According to evolutionary theory, from what I can see, a human being (or beings) who sees reality as it really is, for instance, a Buddha, is not any better adapted than a human being who has no interest in seeing reality as it is who, instead, is successful at the process of natural selection.
Our biological history says that we are shaped not to see true reality but, instead, to have perceptions that keep us alive by natural selection which we have to take seriously—at least that is the way the game is played which we seem to want to play.
Buddhism, on the other hand, says that we have the capacity to see and realize reality as it is and, to a lesser extent, also follow the not so prime directive of natural selection given that the animative principle of our body is true reality—not what is animated (i.e., the temporal body and the world it perceives through its sensory apparatus). This principle has to be directly intuited in and through itself because as far as our animated body is concerned this is its source just like electricity is the source of an electrical appliance’s operation.

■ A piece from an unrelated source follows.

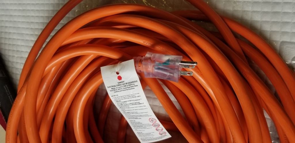 AS NEW 100FT INDOOR OUTDOOR HEAVY DUTY LIGHTED 3 WIRE GROUNDED EXTENSION CORD,ORANGE, 10AWG

In this regard we are fundamentally spiritual agents, but agents who are always unconsciously willing our self into an illusory body which, according to the Buddha, is empty in the sense of being for us only a relatively useful illusion, having no real inherent nature.
In spite of this assessment by the Buddha, rather than put more time into realizing reality as it is, we seem to insist on clinging to this corporeal construct and its world so that, as a consequence, we are always reborn many times into various kinds of illusory bodies according to our will and disposition. We are not open to any other view. Unfortunately, this is the life of an ‘ordinary person’ who only follows the way of the sensory mind. If we followed, instead, the Buddha's path we would save our self the trouble of being reborn.